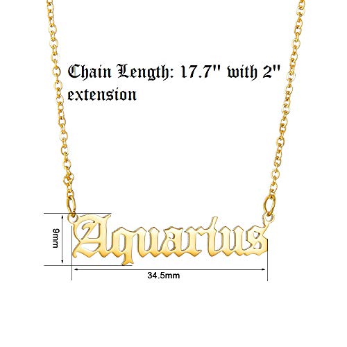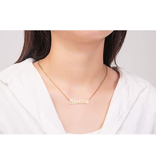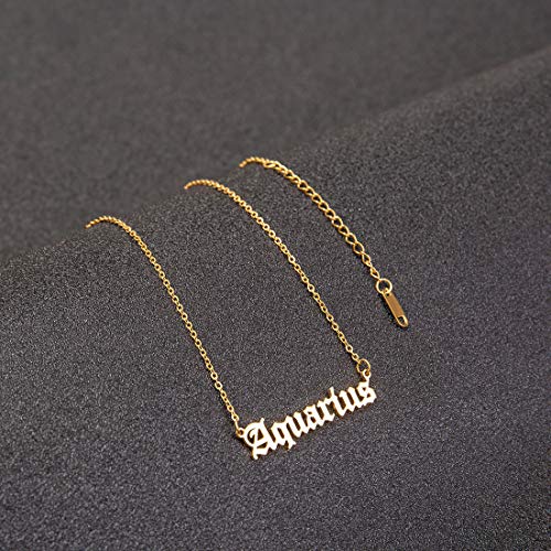 Zealmer - Zealmer Old English Letter Aquarius Necklace for Women Golden, Metal, not-applicable
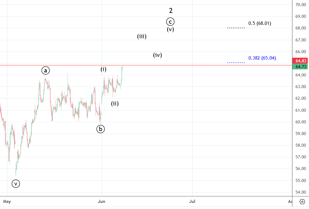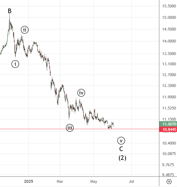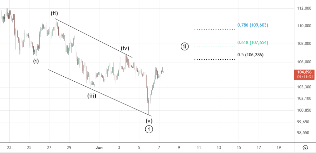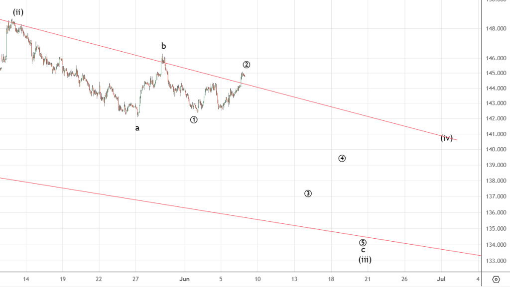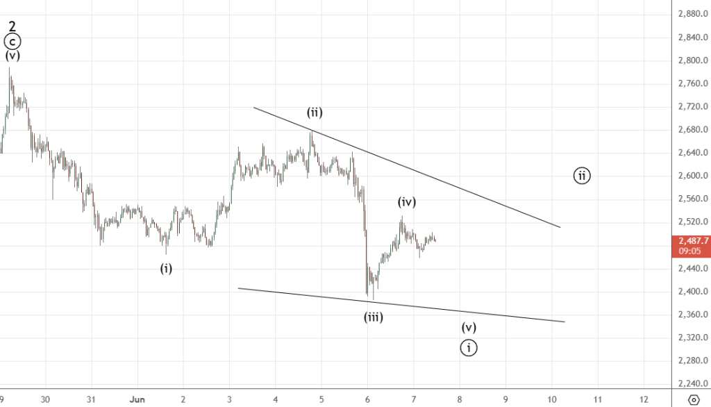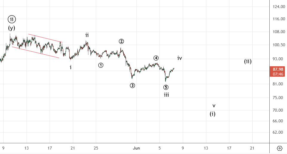 Движение вниз судя по всему было начальной диагональю . Она завершилась и сейчас идет коррекция ((ii)) к указанным уровням.
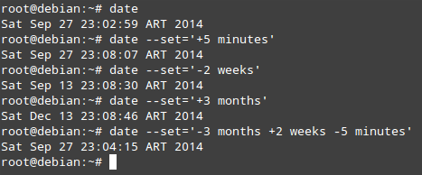 # date --set='+5 minutes' # date --set='-2 weeks' # date --set='+3 months' # date --set='-3 months +2 weeks -5 minutes'
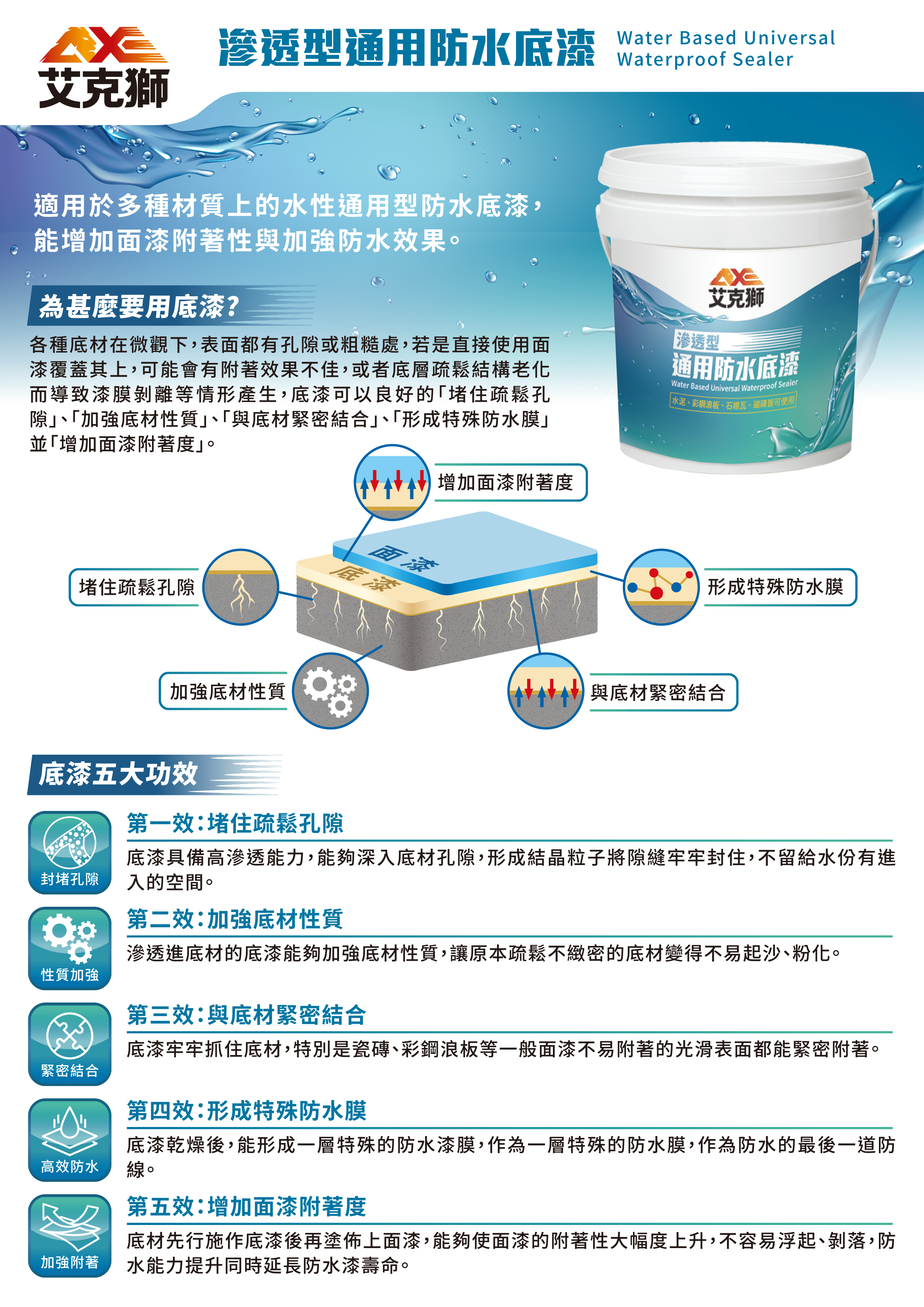 適用於水泥、磁磚、浪板鐵皮、石棉瓦等多種材質上的通用型防水底漆,增加面漆附著性與加強防水效果。理論塗佈面積(1道):15 坪/加侖,建議塗布至少1道。
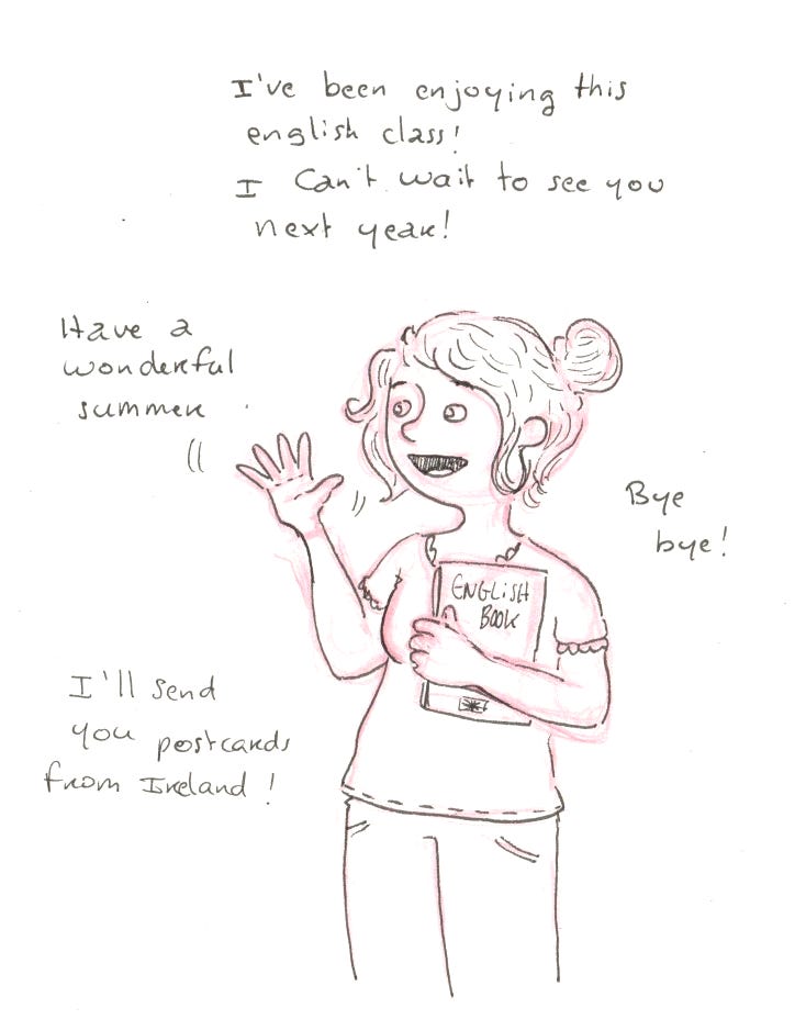 Jeudi : Dernier cours d’anglais de l’année. Je suis super contente de mon année. Je pense que j’ai bien progressé au niveau de la grammaire. Ma prof est géniale et mon groupe aussi. J’ai donc décidé de continuer l’année prochaine. Là, j’ai un niveau B1+ et j’aimerais bien arriver au B2. Je n’ai pas vraiment de problèmes de vocabulaire ni de compréhension en général, c’est plutôt pour m’exprimer que c’est plus difficile. J’espère que je réussirais à me débrouiller lors de notre voyage en Irlande. Et j’espère aussi que je n’ai pas fait de fautes sur mes phrases, dans mon dessin. Let me know !

**Problem description**:
A word-for-word copy of the listing is needed, with no pictures in it.

**Solution**:
 Zealmer - Zealmer Old English Letter Aquarius Necklace for Women Golden, Metal, not-applicable
 Движение вниз судя по всему было начальной диагональю . Она завершилась и сейчас идет коррекция ((ii)) к указанным уровням.
 # date --set='+5 minutes' # date --set='-2 weeks' # date --set='+3 months' # date --set='-3 months +2 weeks -5 minutes'
 適用於水泥、磁磚、浪板鐵皮、石棉瓦等多種材質上的通用型防水底漆,增加面漆附著性與加強防水效果。理論塗佈面積(1道):15 坪/加侖,建議塗布至少1道。
 Jeudi : Dernier cours d’anglais de l’année. Je suis super contente de mon année. Je pense que j’ai bien progressé au niveau de la grammaire. Ma prof est géniale et mon groupe aussi. J’ai donc décidé de continuer l’année prochaine. Là, j’ai un niveau B1+ et j’aimerais bien arriver au B2. Je n’ai pas vraiment de problèmes de vocabulaire ni de compréhension en général, c’est plutôt pour m’exprimer que c’est plus difficile. J’espère que je réussirais à me débrouiller lors de notre voyage en Irlande. Et j’espère aussi que je n’ai pas fait de fautes sur mes phrases, dans mon dessin. Let me know !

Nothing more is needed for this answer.